#### Problem details
Without any pictures, print the lines below from the one that has "Windeln Gr. 7, 1/2 Paket in geöffneter Tüte" through the one that has "The Masai Mara", exactly and nothing else.

Records from a collection
*** Begin section ***

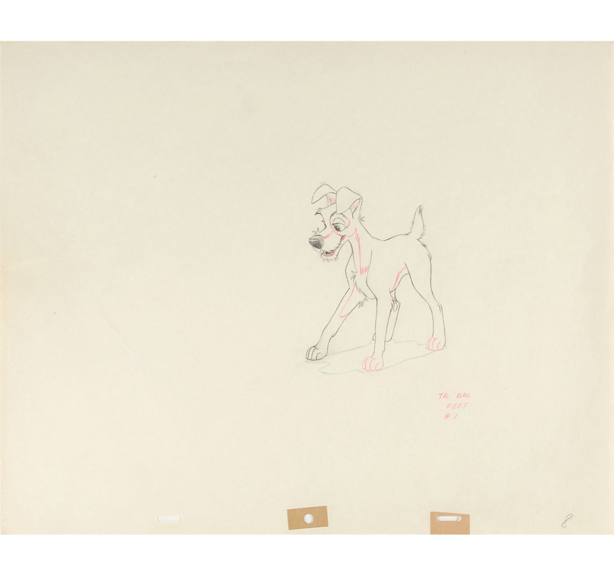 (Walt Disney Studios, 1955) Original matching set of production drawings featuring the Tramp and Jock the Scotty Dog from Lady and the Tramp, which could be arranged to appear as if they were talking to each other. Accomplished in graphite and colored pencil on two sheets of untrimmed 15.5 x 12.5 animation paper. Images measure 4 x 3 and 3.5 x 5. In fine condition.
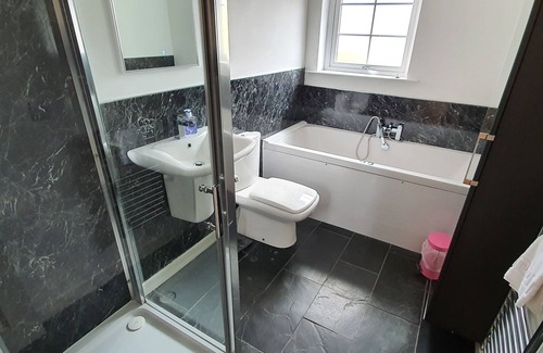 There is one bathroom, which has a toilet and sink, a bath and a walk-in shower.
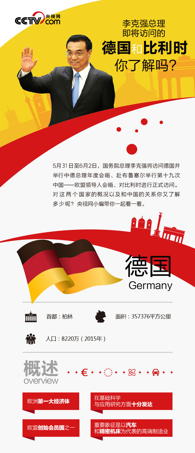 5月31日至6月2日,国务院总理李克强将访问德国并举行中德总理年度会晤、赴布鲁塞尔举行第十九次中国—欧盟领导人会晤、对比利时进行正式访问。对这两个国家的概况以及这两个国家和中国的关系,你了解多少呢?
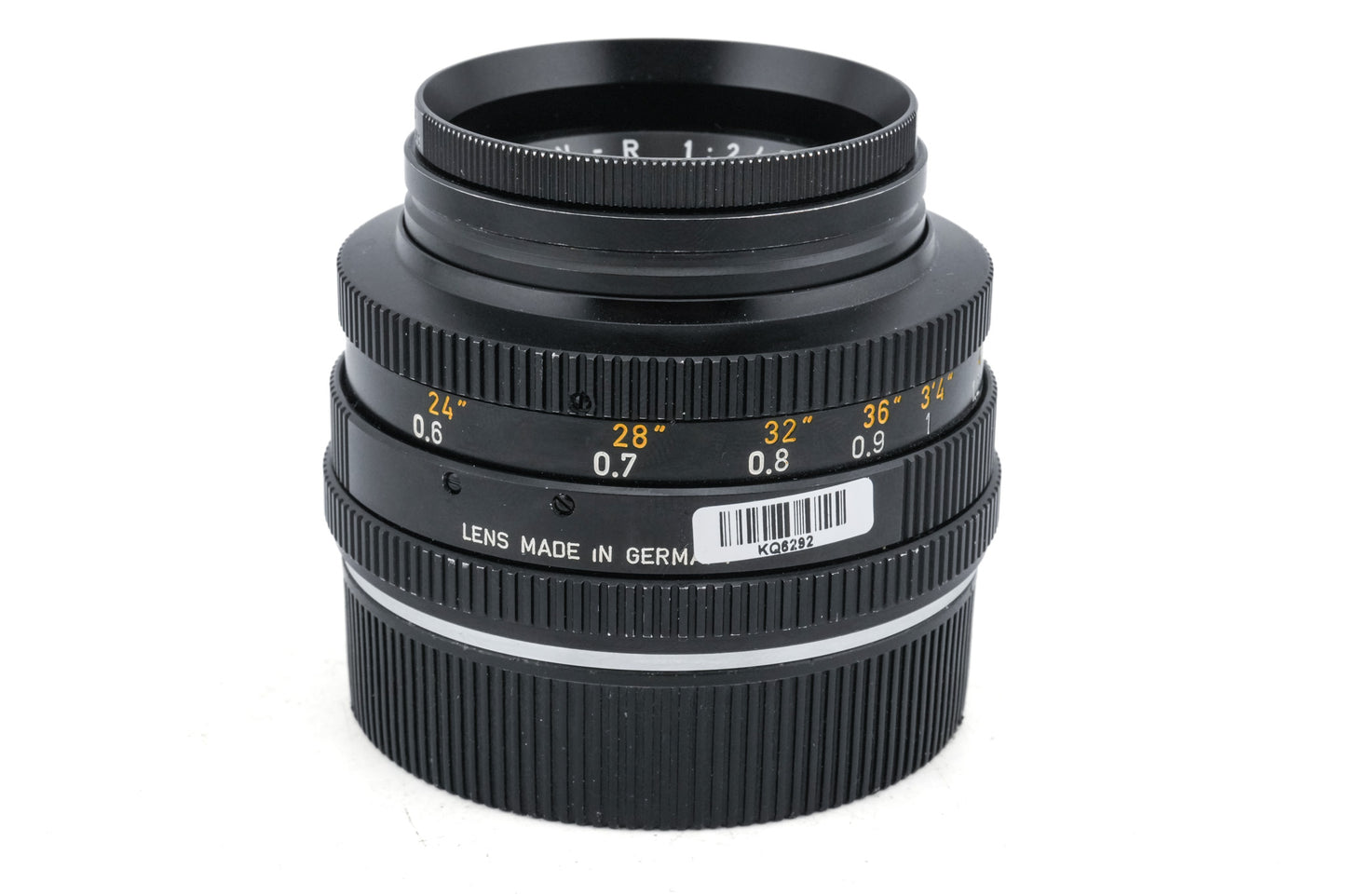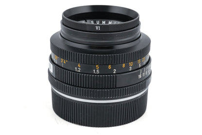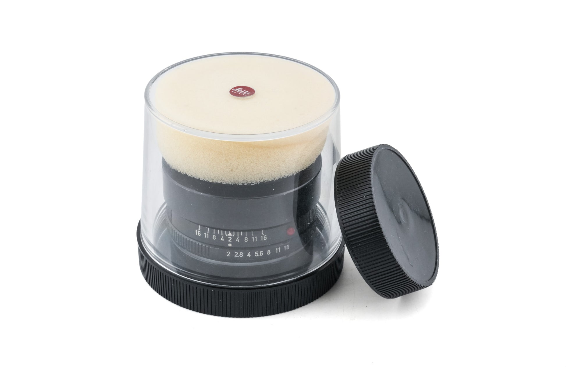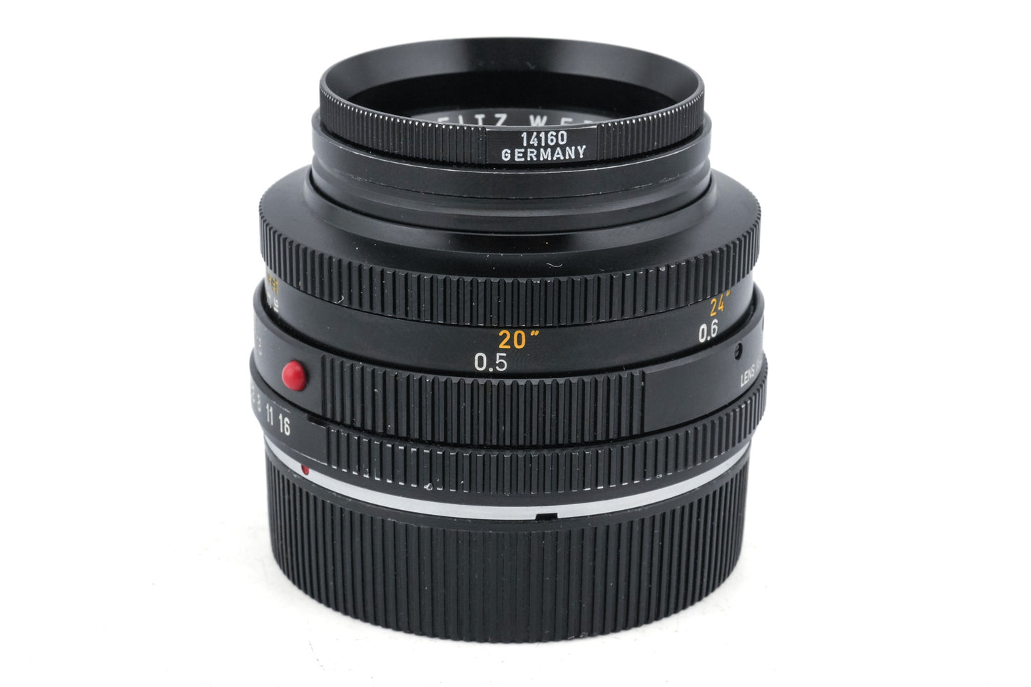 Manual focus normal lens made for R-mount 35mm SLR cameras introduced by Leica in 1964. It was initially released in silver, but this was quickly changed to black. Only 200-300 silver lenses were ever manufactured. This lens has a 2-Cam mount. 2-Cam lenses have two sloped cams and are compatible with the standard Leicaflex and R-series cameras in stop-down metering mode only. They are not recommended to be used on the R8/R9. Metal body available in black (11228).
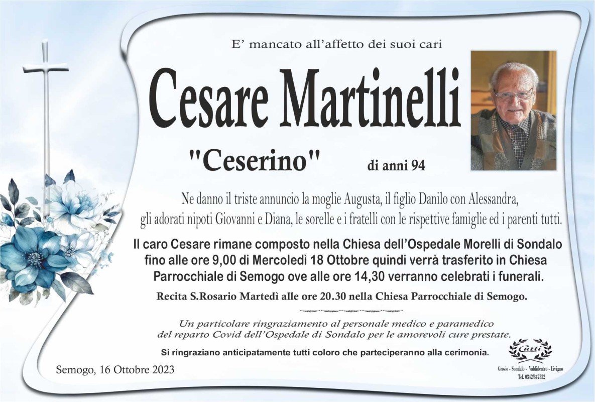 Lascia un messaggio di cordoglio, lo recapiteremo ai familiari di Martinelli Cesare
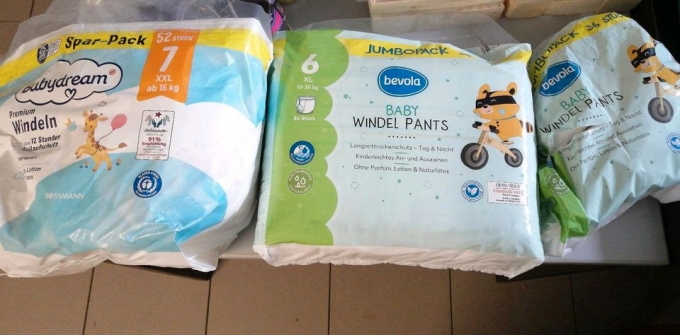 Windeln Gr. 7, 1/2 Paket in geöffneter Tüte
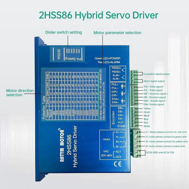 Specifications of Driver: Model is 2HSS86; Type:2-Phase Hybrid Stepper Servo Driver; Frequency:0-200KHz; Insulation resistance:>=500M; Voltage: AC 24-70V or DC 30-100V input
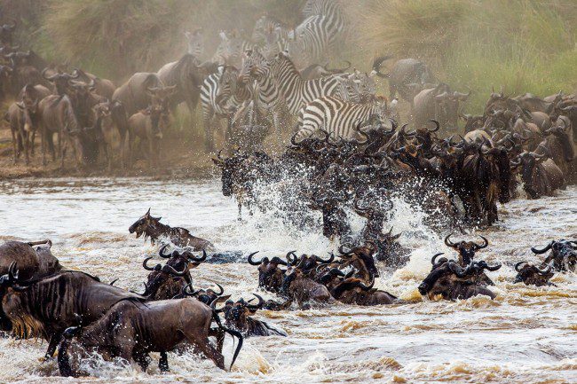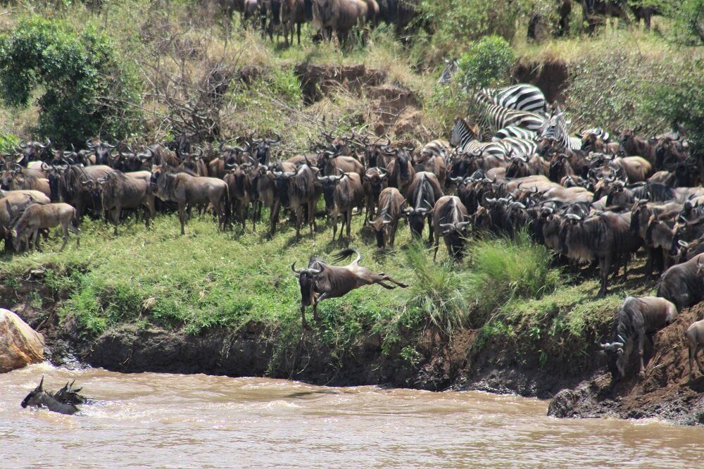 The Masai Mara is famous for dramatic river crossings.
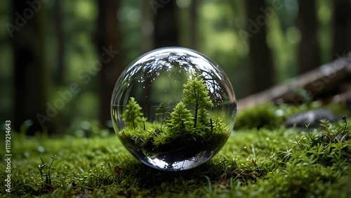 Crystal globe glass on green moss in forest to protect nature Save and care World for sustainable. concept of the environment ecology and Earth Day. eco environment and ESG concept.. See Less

*** End section ***

#### Task response
 Windeln Gr. 7, 1/2 Paket in geöffneter Tüte
 Specifications of Driver: Model is 2HSS86; Type:2-Phase Hybrid Stepper Servo Driver; Frequency:0-200KHz; Insulation resistance:>=500M; Voltage: AC 24-70V or DC 30-100V input
 The Masai Mara is famous for dramatic river crossings.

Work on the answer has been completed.